What you need to do: The data below contains pictures, which are to be skipped; the lines starting at the line with "Huhn 62% (Herz, Fleisch, Leber, Mägen, Hälse), Brühe" and ending at the line with "Посол Новгородского владыки" are to be output exactly, both ends included.

(Stored items)
--- START ---

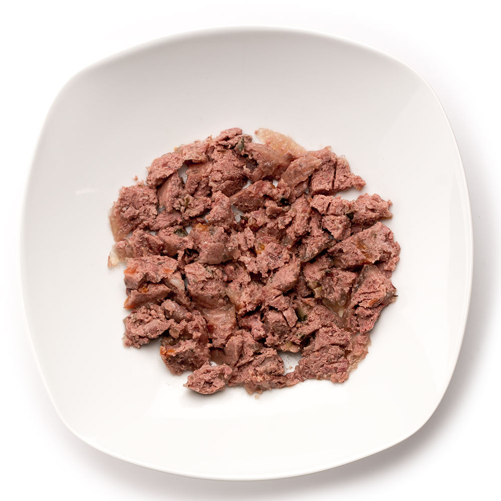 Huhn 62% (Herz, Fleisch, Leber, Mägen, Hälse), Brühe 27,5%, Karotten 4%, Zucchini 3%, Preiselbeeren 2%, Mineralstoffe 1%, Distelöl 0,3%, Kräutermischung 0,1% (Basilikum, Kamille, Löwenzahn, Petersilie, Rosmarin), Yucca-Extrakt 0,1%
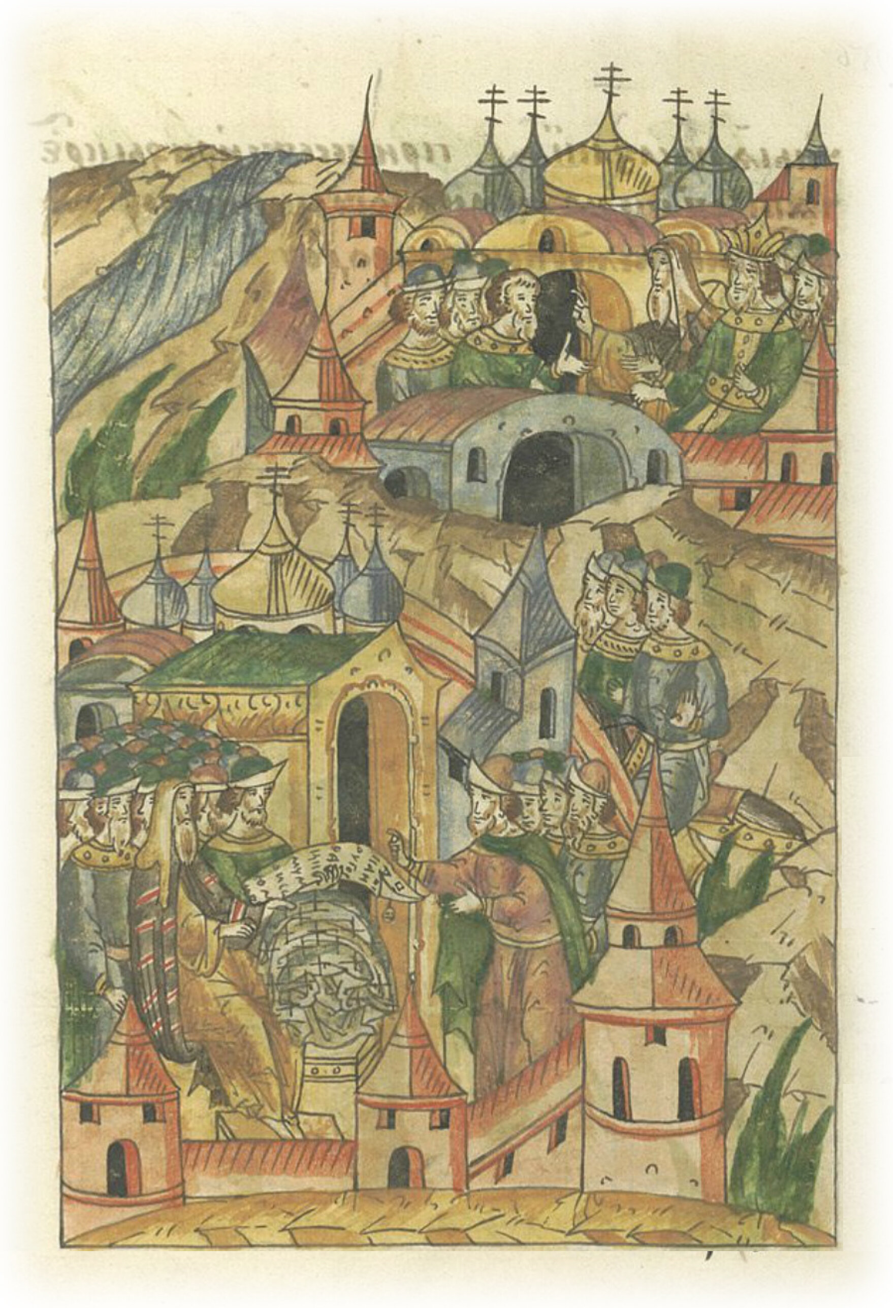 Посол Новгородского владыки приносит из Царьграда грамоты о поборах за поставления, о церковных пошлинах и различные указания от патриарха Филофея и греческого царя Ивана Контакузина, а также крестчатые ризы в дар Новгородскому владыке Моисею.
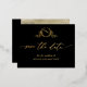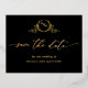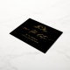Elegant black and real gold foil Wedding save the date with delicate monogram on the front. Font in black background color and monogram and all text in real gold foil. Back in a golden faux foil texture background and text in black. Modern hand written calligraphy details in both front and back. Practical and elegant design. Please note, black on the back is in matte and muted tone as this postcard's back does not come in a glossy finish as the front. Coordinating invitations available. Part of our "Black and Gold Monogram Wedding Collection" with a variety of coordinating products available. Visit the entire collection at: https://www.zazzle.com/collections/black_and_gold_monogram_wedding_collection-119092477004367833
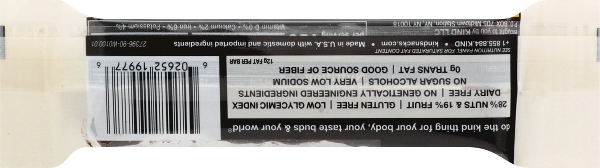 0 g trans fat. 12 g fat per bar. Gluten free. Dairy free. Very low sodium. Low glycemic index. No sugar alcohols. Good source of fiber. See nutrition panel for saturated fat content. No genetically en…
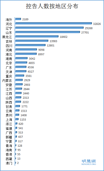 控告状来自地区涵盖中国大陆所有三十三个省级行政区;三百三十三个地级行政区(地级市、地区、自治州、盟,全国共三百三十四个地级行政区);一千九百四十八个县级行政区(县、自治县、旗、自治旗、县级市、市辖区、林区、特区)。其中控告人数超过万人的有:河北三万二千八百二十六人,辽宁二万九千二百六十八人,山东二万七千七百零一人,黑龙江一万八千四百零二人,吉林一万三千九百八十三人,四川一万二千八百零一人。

--- END ---
--- START ---

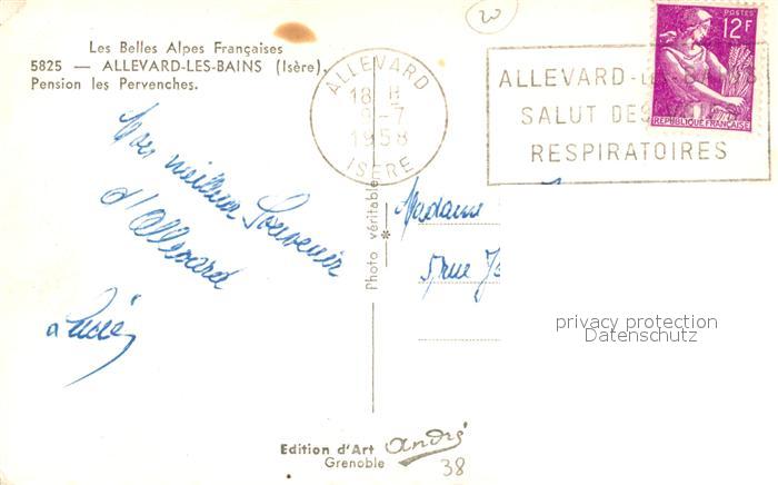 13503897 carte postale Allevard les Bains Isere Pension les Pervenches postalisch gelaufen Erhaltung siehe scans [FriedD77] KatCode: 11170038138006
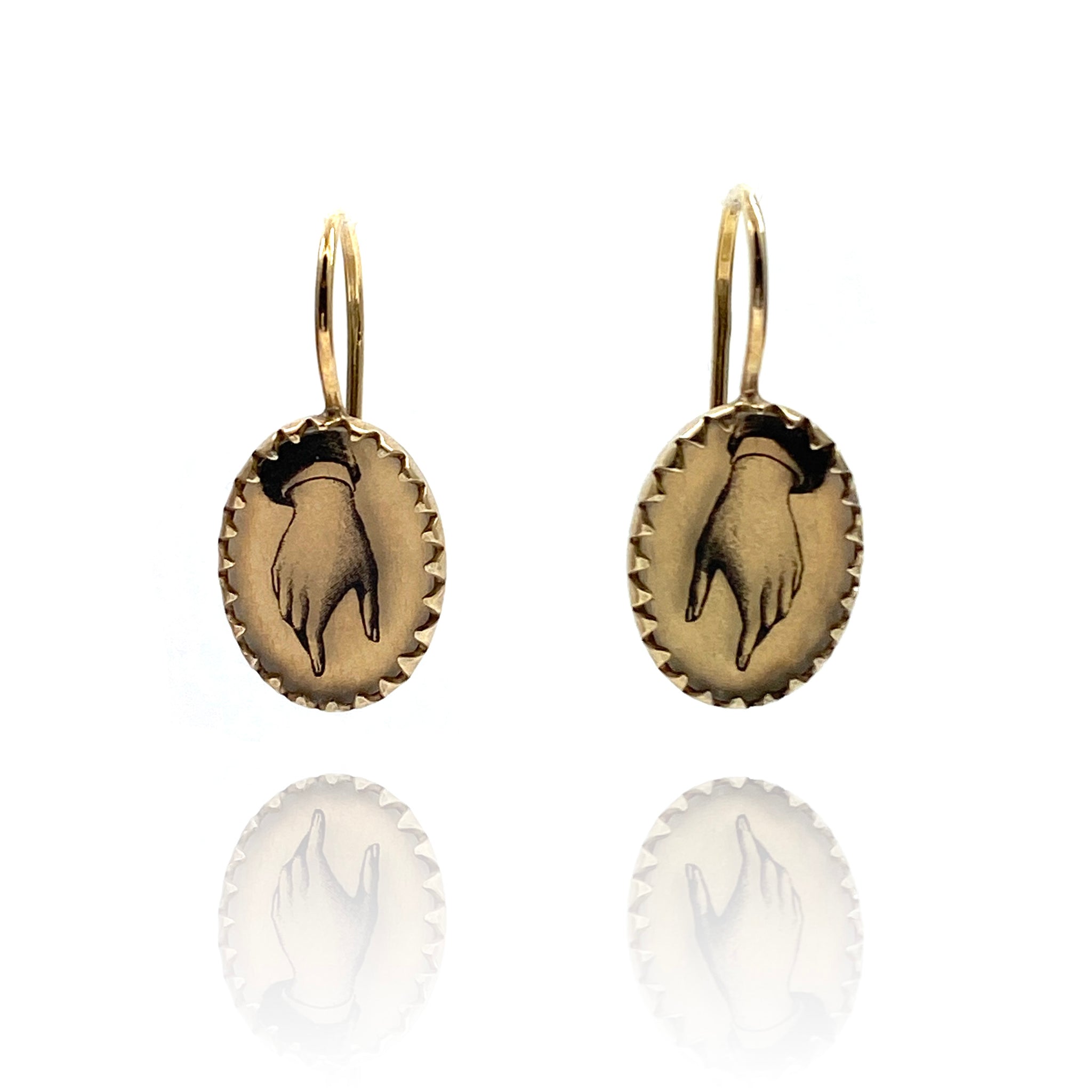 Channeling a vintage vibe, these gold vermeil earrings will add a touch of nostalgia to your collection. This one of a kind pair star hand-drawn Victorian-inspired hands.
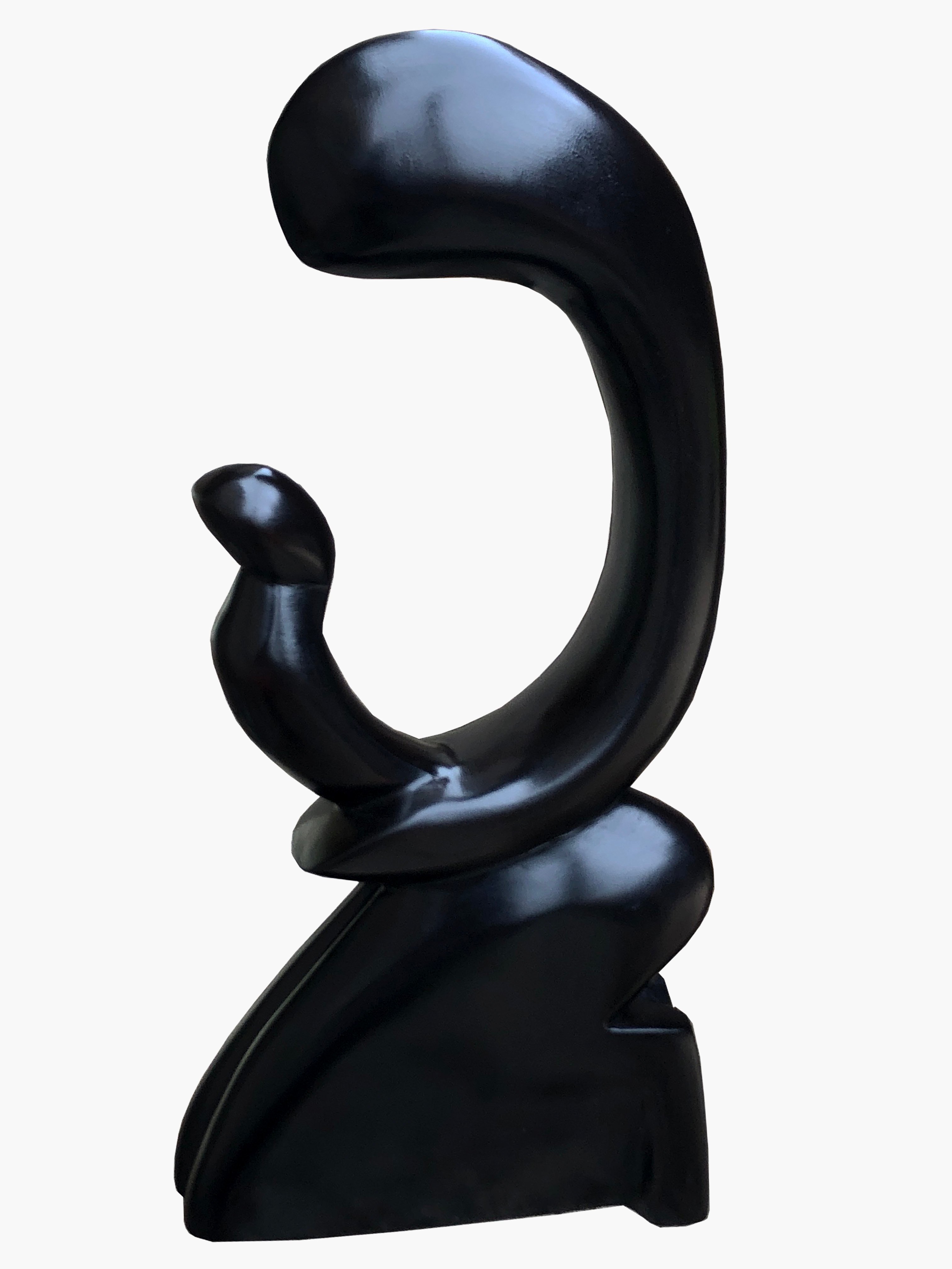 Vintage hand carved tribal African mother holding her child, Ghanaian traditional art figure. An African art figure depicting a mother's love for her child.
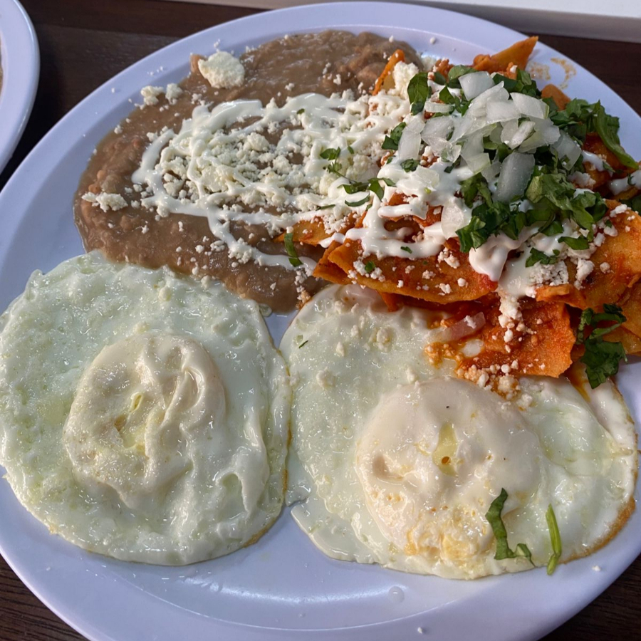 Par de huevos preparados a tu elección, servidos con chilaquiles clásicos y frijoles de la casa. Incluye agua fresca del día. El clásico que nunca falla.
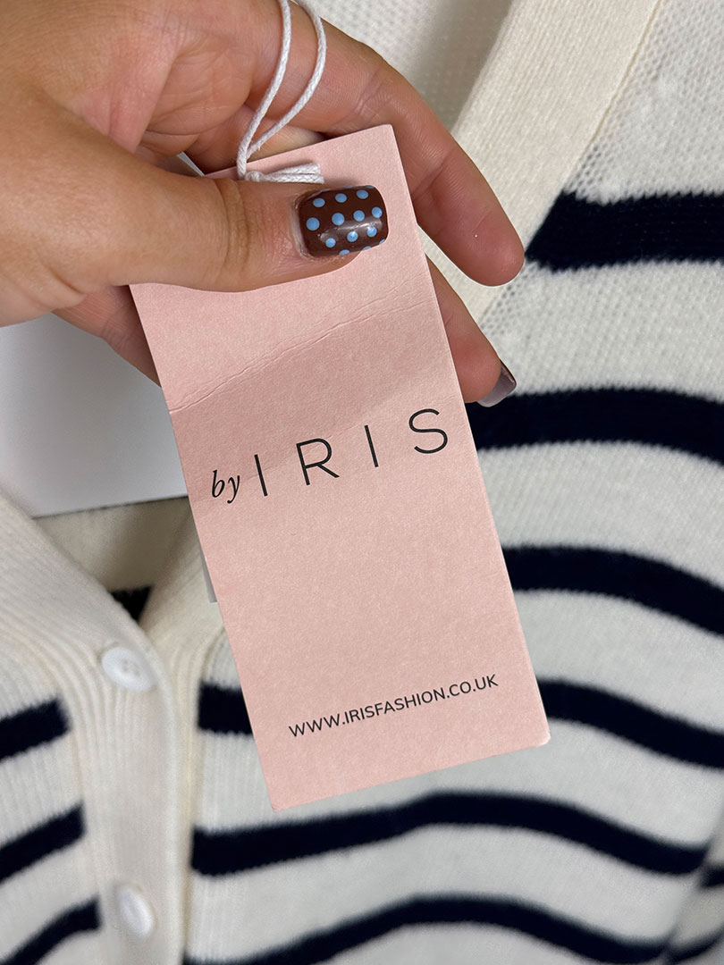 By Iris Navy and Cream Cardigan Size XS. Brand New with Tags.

--- END ---

Result of the exercise:
 Huhn 62% (Herz, Fleisch, Leber, Mägen, Hälse), Brühe 27,5%, Karotten 4%, Zucchini 3%, Preiselbeeren 2%, Mineralstoffe 1%, Distelöl 0,3%, Kräutermischung 0,1% (Basilikum, Kamille, Löwenzahn, Petersilie, Rosmarin), Yucca-Extrakt 0,1%
 Посол Новгородского владыки приносит из Царьграда грамоты о поборах за поставления, о церковных пошлинах и различные указания от патриарха Филофея и греческого царя Ивана Контакузина, а также крестчатые ризы в дар Новгородскому владыке Моисею.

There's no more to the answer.